> Supplied information:
● ● ● ● ●

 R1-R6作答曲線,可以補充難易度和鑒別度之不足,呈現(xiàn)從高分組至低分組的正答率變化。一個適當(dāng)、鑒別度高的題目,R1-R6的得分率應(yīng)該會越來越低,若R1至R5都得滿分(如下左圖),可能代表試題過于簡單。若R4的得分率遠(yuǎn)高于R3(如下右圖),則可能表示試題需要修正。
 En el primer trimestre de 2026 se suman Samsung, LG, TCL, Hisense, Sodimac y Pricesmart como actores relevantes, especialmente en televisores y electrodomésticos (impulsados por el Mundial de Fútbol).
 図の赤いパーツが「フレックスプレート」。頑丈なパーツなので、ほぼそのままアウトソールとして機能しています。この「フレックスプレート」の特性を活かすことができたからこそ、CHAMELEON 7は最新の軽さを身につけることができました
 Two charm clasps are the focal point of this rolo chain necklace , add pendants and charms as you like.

● ● ● ● ●

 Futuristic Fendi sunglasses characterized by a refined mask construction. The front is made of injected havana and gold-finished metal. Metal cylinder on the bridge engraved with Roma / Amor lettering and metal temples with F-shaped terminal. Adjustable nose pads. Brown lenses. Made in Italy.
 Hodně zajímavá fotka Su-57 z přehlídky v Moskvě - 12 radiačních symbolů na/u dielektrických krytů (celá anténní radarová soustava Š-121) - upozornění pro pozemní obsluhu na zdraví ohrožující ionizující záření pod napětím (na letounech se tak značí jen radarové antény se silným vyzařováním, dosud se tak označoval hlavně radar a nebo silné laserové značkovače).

● ● ● ● ●

> Work order: The lines above from the one containing "R1-R6作答曲線,可以補充" through the one containing "Two charm clasps" are to be set down exactly, and no others.

> Task output:
 R1-R6作答曲線,可以補充難易度和鑒別度之不足,呈現(xiàn)從高分組至低分組的正答率變化。一個適當(dāng)、鑒別度高的題目,R1-R6的得分率應(yīng)該會越來越低,若R1至R5都得滿分(如下左圖),可能代表試題過于簡單。若R4的得分率遠(yuǎn)高于R3(如下右圖),則可能表示試題需要修正。
 En el primer trimestre de 2026 se suman Samsung, LG, TCL, Hisense, Sodimac y Pricesmart como actores relevantes, especialmente en televisores y electrodomésticos (impulsados por el Mundial de Fútbol).
 図の赤いパーツが「フレックスプレート」。頑丈なパーツなので、ほぼそのままアウトソールとして機能しています。この「フレックスプレート」の特性を活かすことができたからこそ、CHAMELEON 7は最新の軽さを身につけることができました
 Two charm clasps are the focal point of this rolo chain necklace , add pendants and charms as you like.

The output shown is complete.